The line was long and somebody bumped into me, spilling a warm orange soup down my leg, but whatever.  It reached in-between the toes of my sandals and I was walking in a squishy mess, but I wanted to eat. I have a baby so I'm used to eating in a somewhat turbulent environment, so it wasn’t something I don’t experience on a daily basis and let me tell you, the food was so worth the wait.  I sat down with a plate of food and that first bite was full of flavor and goodness.  The food was so good, we just made sounds like “eemmmm” and “yummmmm.”  We didn’t even speak.  I went back for seconds.  Canyon’s little hand continued to scoop up food I placed in front of him.  It was the most silent atmosphere I’ve ever eaten in, but just like the other customers, the counselor and I barely came up for air.  This primal environment was unusual, so when the waiter walked by, I had to ask “What’s going on here?” 
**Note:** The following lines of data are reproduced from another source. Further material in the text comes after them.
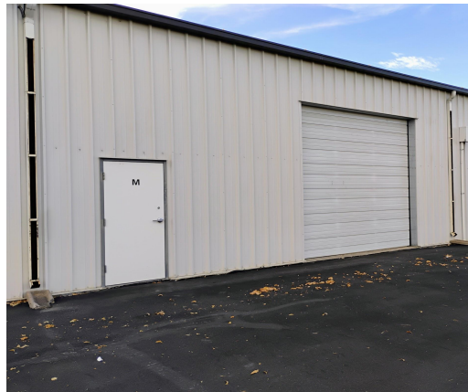
1822 Skyway Drive

Summit Commercial Brokers 6800 N 79th St, # 103 Niwot, CO 80503 303.931.7341 summitcommercial.net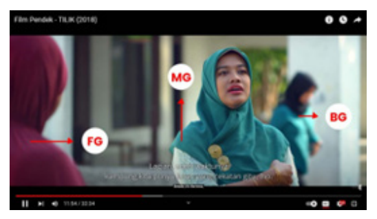
Figure 7. Scene when a group of women stopped at the mosque to go to the bathroom

tion of layouts that have a unique visual quality that can be distinguished from deep space and flat space.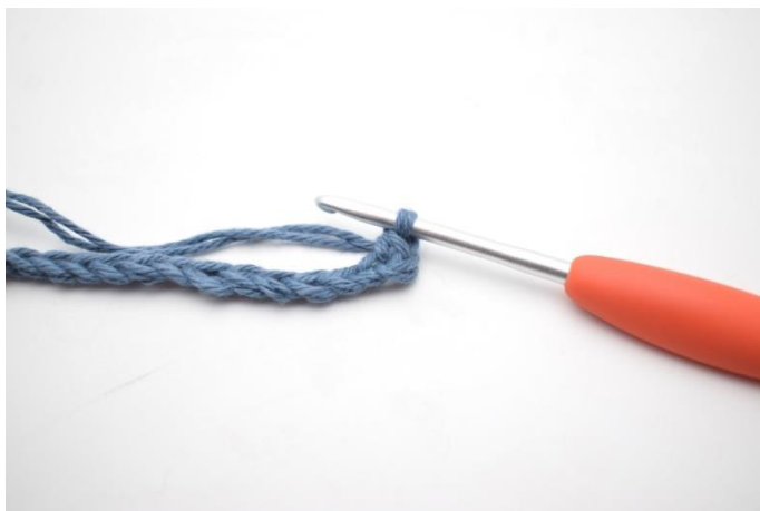
3. Like this.

“It’s the month of Ramadan,” he said.  “Everybody has been fasting all day.”
Wait, what?  Fasting!!

“As part of our religions, we fast for 30 days from sun up to sun down,” he said and I could barely believe what I was hearing.  Fasting, religious fasting, a practice God told me to do for 30-days (although I’ve continued to do it now for over 6 months), an experience that has completely changed my life, that has made me more aware of the poor and those who go without, practice more self-control, be more grateful for what I have – all these beautiful people were experiencing the same thing.  Everybody was fasting!  I wanted to hug every single one of them.  I’ve never felt more validated.  Wow!  Fasting is awesome and these people get it. 

To learn more about Ramadan, click here.

When my belly was nice and full, I did a lot of people watching.  I watched as a mother helped her child, a couple sit in silence sipping tea, young men eating plate after plate of warm chicken and hummus and I was grateful and still quite shocked that I had the opportunity to observe and understand the beauty of this month-long religious holiday. 

My brother Sam recently went with Lifting Hands International to Greece and took food and supplies to the Syrian refugees.  

He too, had dinner with wonderful Muslim people and came home with more appreciation for who they are and what they are going through.